Thursday, December 20, 2007

Power of words

There's talk in my native Australia about the fact that the new prime minister Kevin Rudd is not exactly an impressive orator. I agree. Commentators are bending over backwards in their determination to make it clear that this lack of eloquence is a commendable and specifically Australian quality. The more you mumble, the more you're an authentic Aussie. As my friend Geoff, considering me totally out of touch with my native land, once explained: "You fail to understand, William, that Australia doesn't have a literary culture." In other words, those like me who would expect powerful and logical words from our leaders must be considered as misguided un-Australian observers.

Here in France, there's a delightful ongoing scandal about a senior civil servant who has been renting dirt-cheap for decades (since the epoch when Jacques Chirac was mayor) a huge Parisian flat owned by the municipality. At one stage, the guy in question had to move to another city, whereupon he wrote a letter suggesting that he should hang on officially to the superb cheap accommodation in Paris, while offering to sublet it to a friend. In his letter, he stated that this solution, for his family and himself, would be "a factor of tranquility". Well, a talented journalist at Libération, telling us this tale, added a marvelous satirical comment, composed of no more than five words: "On ne saurait mieux dire." This terse appreciation might be translated into English as: "There's no better way of putting it."

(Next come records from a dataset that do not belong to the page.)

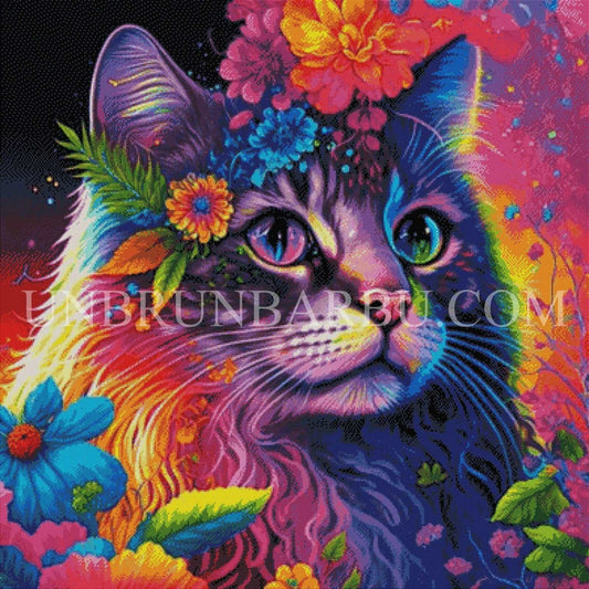 Chat Angora Floral. (100cm x 100cm).
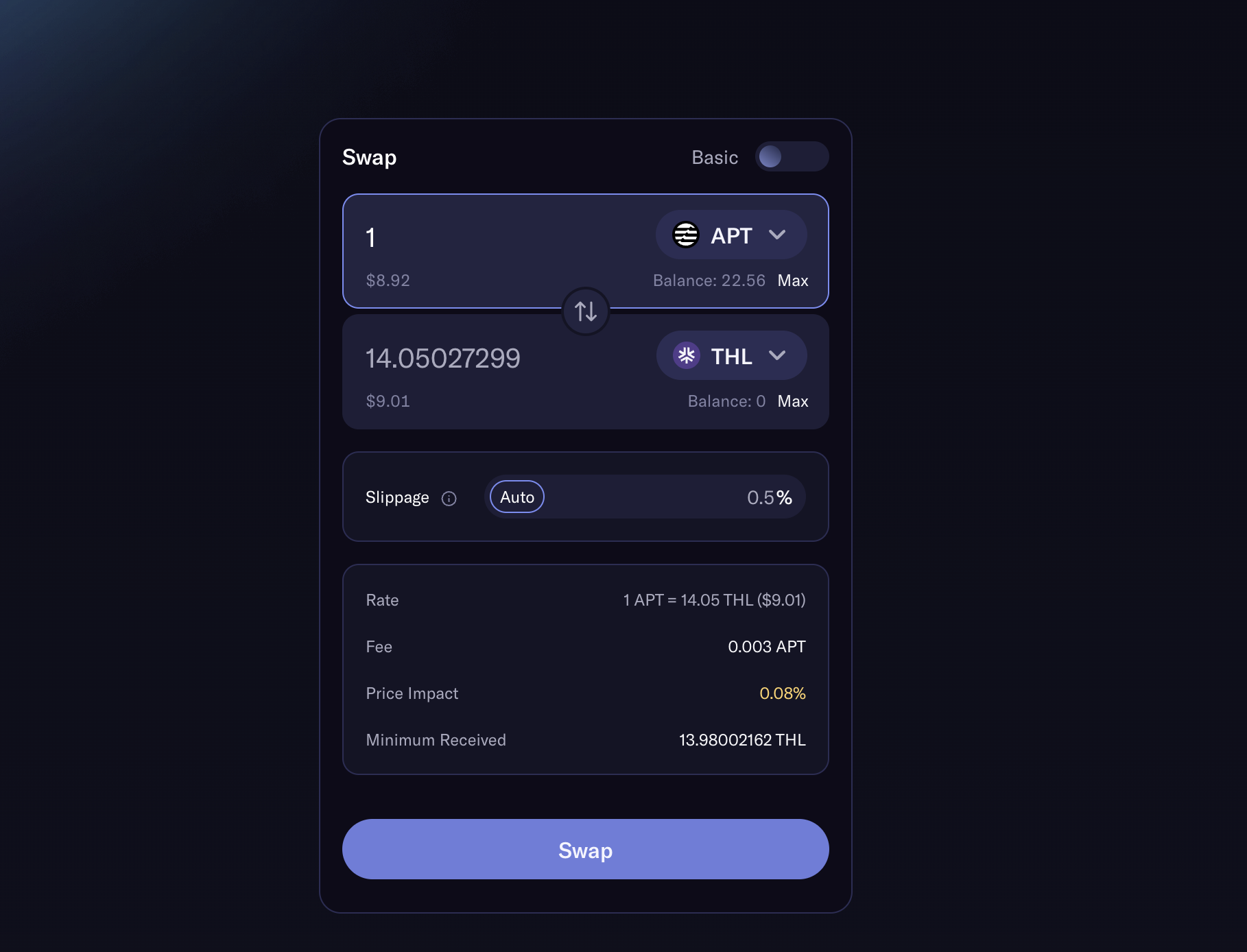 一、在 ThalaSwap 上交易任何数量的任何资产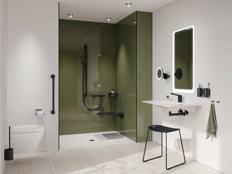 Mit einem umfänglichen Portfolio an Sanitär- und Beschlaglösungen in Schwarz matt bietet HEWI eine durchgehende Gestaltung – von der Tür bis ins Bad.
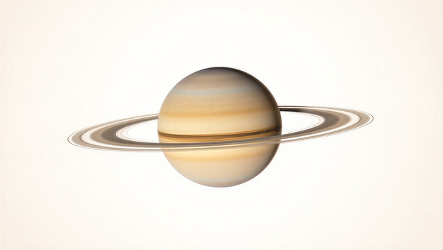 A striking 3d render of the ringed planet saturn against a clean white background, featuring its prominent golden brown hues and iconic ring system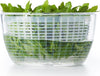Dry salad greens or herbs with a simple press of the soft, non-slip knob. The non-slip base keeps the bowl steady on the countertop and the built-in brake button stops the Salad Spinner for unloading. The basket doubles as a colander, and the lid comes apart for easy cleaning.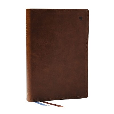 Net Bible, Large Print Thinline with Cross References, Brown Leathersoft, Comfort Print - by Thomas Nelson (Leather Bound)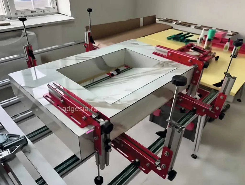 Универсальная струбцина «Диамант» для надежной фиксации элементов из керамогранита, натурального камня и других материалов. Обеспечивает прочное удержание двух плоских деталей под углом 90° во время монтажа, подгонки и отверждения клея.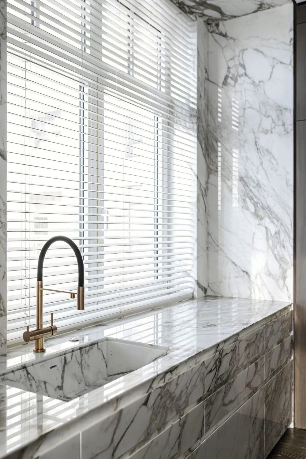 鱼肚白是意大利开采出的一种白色大理石,其颜色近似于鱼腹部颜色,装饰空间时所营造出的空间氛围与清晨微曦时的感受有异曲同工之妙:仿佛如晨光微曦时东方神秘的天际。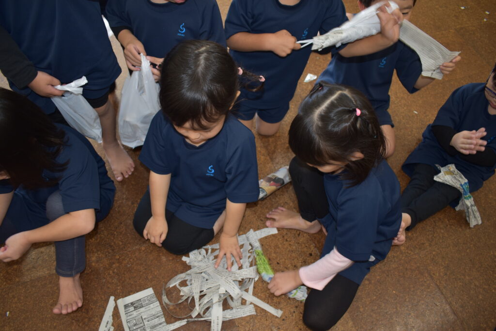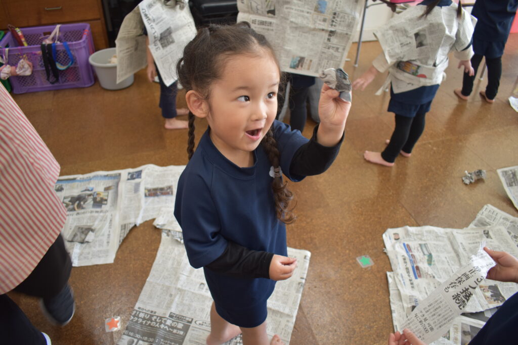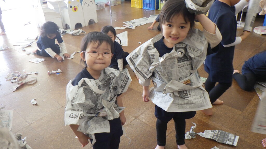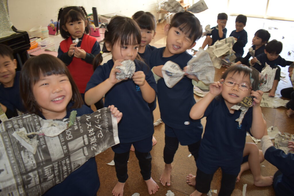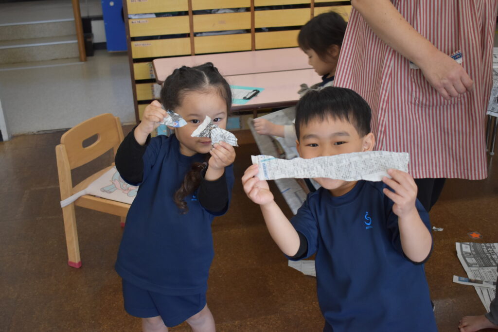 桜組の子ども達は、新聞紙を扱う指先の器用さだけでなく、想像力や発想力も育っています💕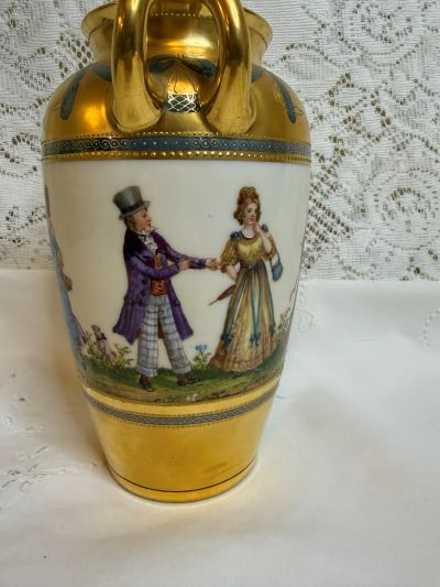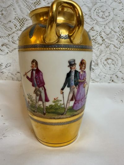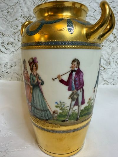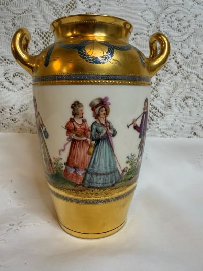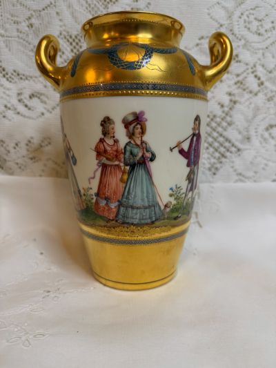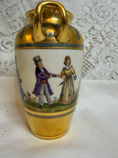 For sale is this amazing Wiswall Dresden vase hand-painted with scenes of ladies and gentlemen enjoying a beautiful day dressed in their finest 19th century clothing. The painting on the vase is a continuous painting around the whole vase showing a story. Some of the couples are dancing, others are walking arm in arm, and another lady is walking her dog. while talking to a gentleman with his cane and top hat. It is a lovely painting, bright and colorful showing the wonderful talents of the Dresden artist. There is a thick gold border that has gold jeweling and blue decorative accents on the top and bottom of the vase surrounding the painting. The handles of the vase are also gilded. This fabulous vase was made by the decorators of Wiswall Dresden in Germany during the early twentieth century. It is 8.25 inches tall and 6 inches wide. This vase would be a fabulous addition to any porcelain collection or a wonderful decoration in your home with or without flowers. Since it is painted on all four sides, it would be stunning anywhere you choose to place it in any room.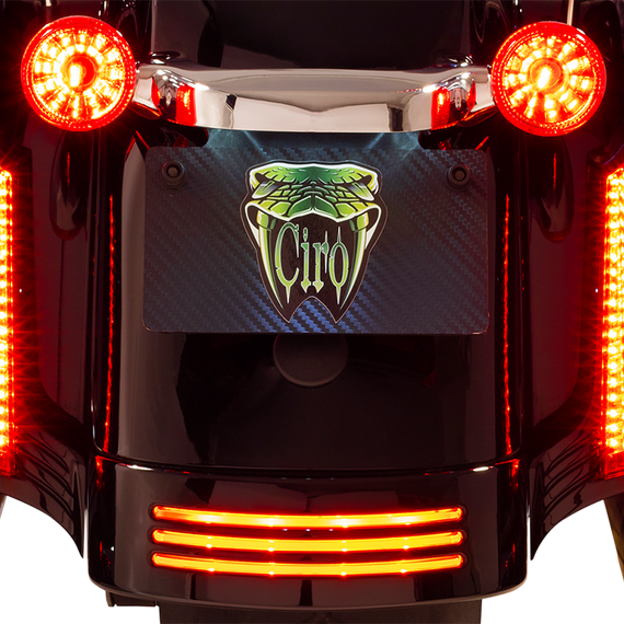 Caracteristicas: Smooth out the back of your bike to create a finished custom look Dramatically increase rear visibility Unique Ciro multi-function controller provides running, turn and brake light Plasma amber LED turn-signal technology creates an effect that can’t be missed Easy plug-and-play installation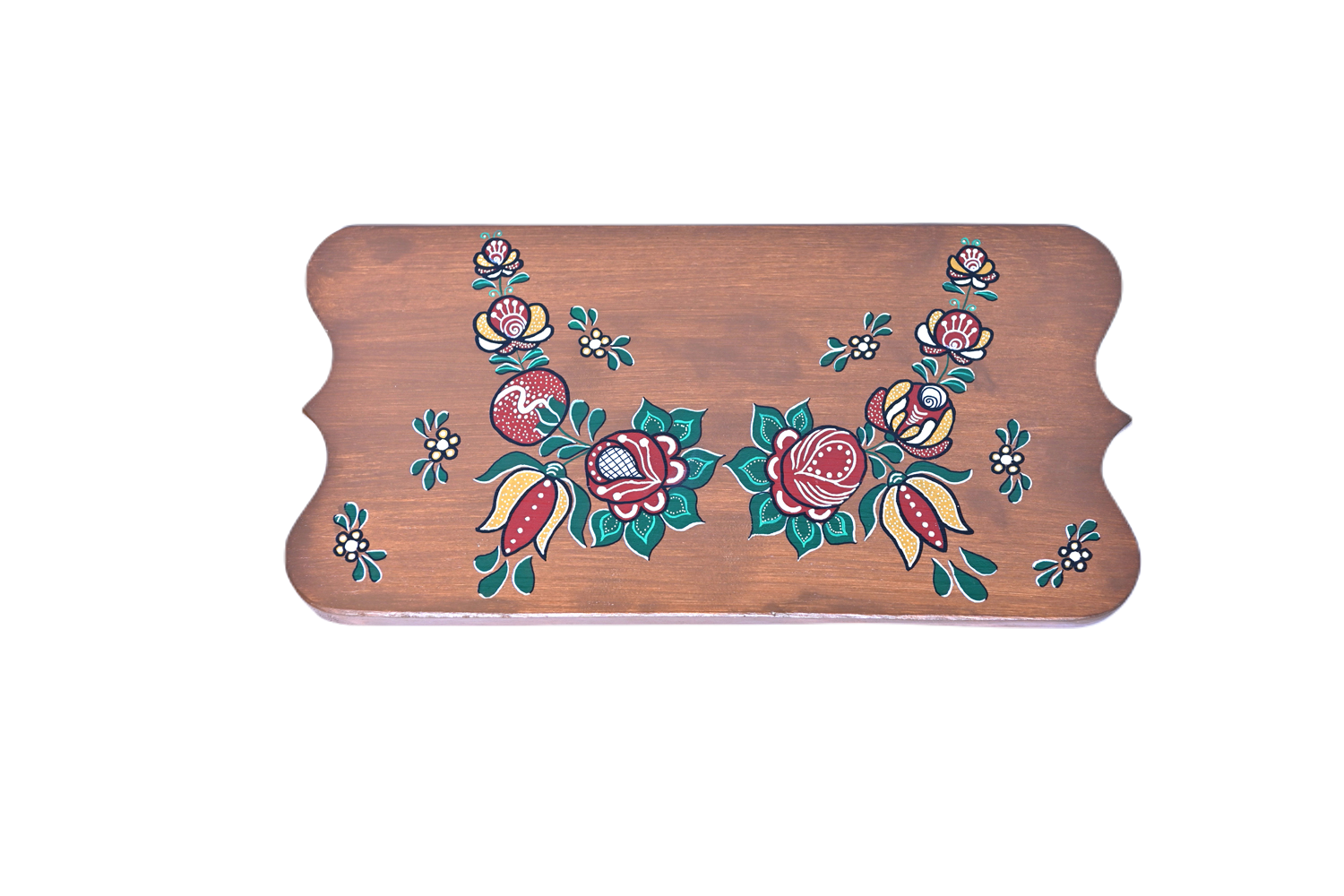 Pictură pe lemn, modelul ornamentului folosește culorile de bază, folosite în tehnica tradițională veche, respectiv roșu, galben, pe fundal maro. Motivele sunt florale, contur inspirat din modele de broderie. Realizat în culori Vitex, atât fundalul cât și desenul. Pictura este lacuită cu un lac transparent satinat ce conferă un aspect mătăsos, cu durabilitate bună, chiar dacă este expusă la soare sau umiditate.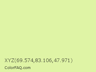 XYZ 69.574,83.106,47.971 Color is a light lime color and the nearest color is Caper #dcedb4. Hex code #dff4a5 and RGB value is rgb(223,244,165). In RGB color space, this color is composed of 87% red, 96% green, 65% blue, In CMYK color space, this color is composed of 9% cyan, 0% magenta, 32% yellow , 4% black , In HSL color space, this color has a hue angle of 76° , 78% saturation and 80% lightness.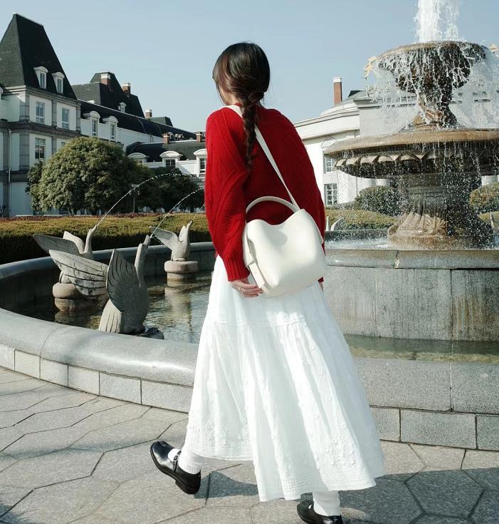 紅白的搭配,也是絕了,基礎款紅色毛衣+白色半身長裙,一整個仙氣感十足。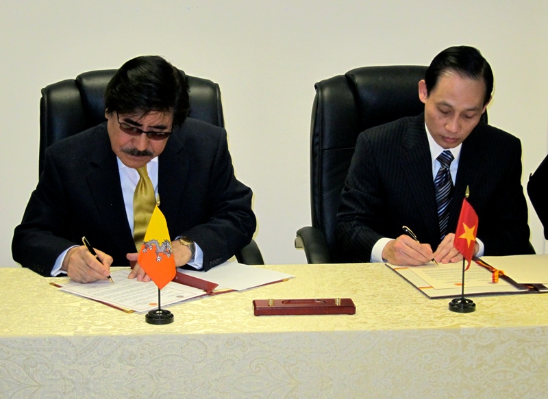 The Joint Communiqué on the establishment of diplomatic relations was signed between H.E. Mr. Lhatu Wangchuk, Ambassador and Permanent Representative of Bhutan to the United Nations in New York, and H.E. Mr. Le Hoai Trung, Ambassador and Permanent Representative of the Socialist Republic of Viet Nam to the United Nations in New York, on 19th January 2012, at the Permanent Mission of Viet Nam in New York.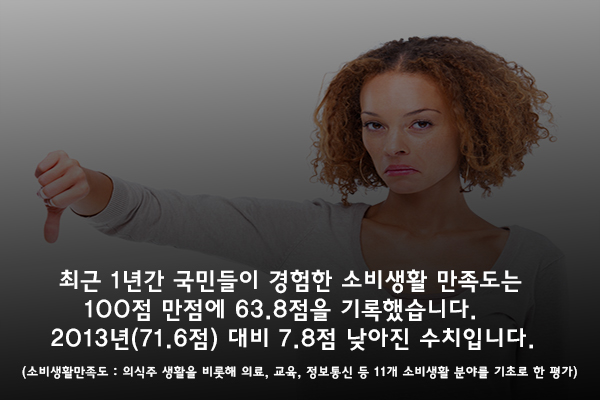 국민의 소비생활 만족 수준도 2년 전보다 하락했습니다.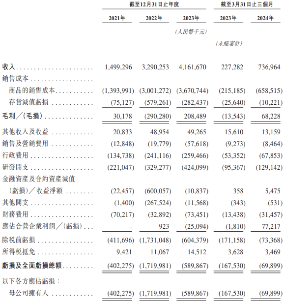 就财务数据来看,2021年至2023年及2024年前3月,正力新能分别实现收入14.99亿元、32.9亿元、41.62亿元及7.37亿元,2021年至2023年收入复合年增长率达到66.6%。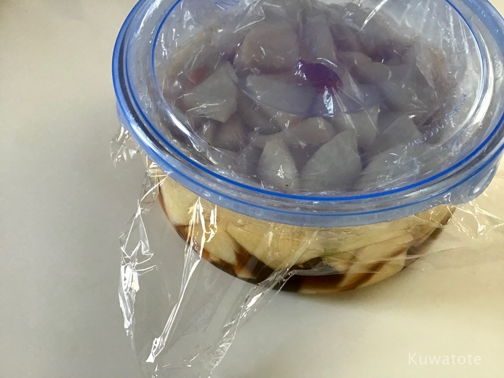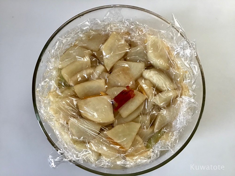 - 軽く和えてから、(漬物容器が無いので)保存用のガラス容器に移して、まずは落としラップで密着。その後上からもう1枚ラップをかけてフタをして30~1時間。味が染みて美味しかったです! by kaoru 2022.6.2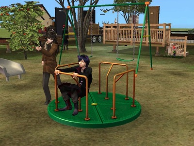 この遊具、大人は遊べないみたいで唯一のteenだった弟君が興味を示してくれなかったので遊んでるところを見たことなかったんですが、気が付いたら弟君が遊具にのってて、モデル世帯の兄ちゃんが遊具を回転させてたんですね。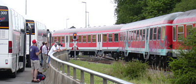 Gut gelaunt fieberte die Gruppe zusammen mit einer kleinen Delegation aus Oppenheim unter der Führung von Stadtbürgermeister Marcus Held mehr als zwei Stunden lang dem geplanten Umzugsbeginn entgegen. Doch dann entgleiste ein Wagon einen Personenzuges und blockierte den Umzugsweg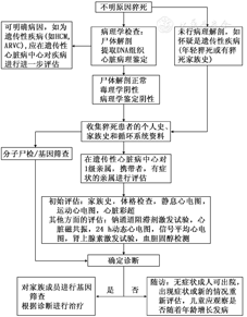 不明原因SCD的诊断理论上首先取决于尸检和毒理学检查,以排除非心脏性病因。然后必须进行心脏病理学及详细的组织病理学检查以排除SCD的明确病因。通过病理学检查可以确定遗传性结构性心脏病如肥厚型心肌病,遗传性结构性心脏病应评估家族成员。留取合适的组织,用于DNA提取和目的基因检测。最好在有遗传学背景的心脏病学专家的支持下进行,以便提高诊断的准确率及指导家族成员的评估。在不少病例中,将病理学检查结果作为死亡原因有些模棱两可,比如:无组织学改变的特发性左心室肥厚,主动脉瓣二瓣化畸形,或无心肌缺血证据的冠状动脉异常。这些仍要视为原因不明,因为对其家族的评估仍可发现相当数量的心律失常综合征。因此,对死亡原因仍然不明者,应进行更细致的研究。收集死前病史或心脏检查结果可能提供一些线索,但死前心电图正常并不能排除心脏遗传性疾病,尤其是家族中有被诊断为Brugada综合征的患者。分子尸检-基因检测可使35%的病例获得明确诊断。这对明确SUDI的死亡原因也有益,因为在死后的基因检测中,估计有10%的SIDS心脏离子通道病基因发生了突变。

I'm delighted every time I have the chance and privilege of encountering well-spoken or well-written words. I'm persuaded that our leaders should be able to expression themselves in powerful spoken and written words. In the USA, this was the case with leaders such as John Kennedy and Bill Clinton. Here in France, eloquence has always been considered as a primary necessity... at least up until the arrival on the presidential scene of the latest incumbent, whose words would often appear to have little more power to stir the emotions, sadly, than those of a police officer surveying the scene of a crime, or a notary public assessing the extent of damages after an accident. You might judge that my harsh evaluation of the deplorable lack of eloquence of Nicolas Sarkozy, like that of Rudd, is blunt. But I believe, as they say, that there's no better way of putting it.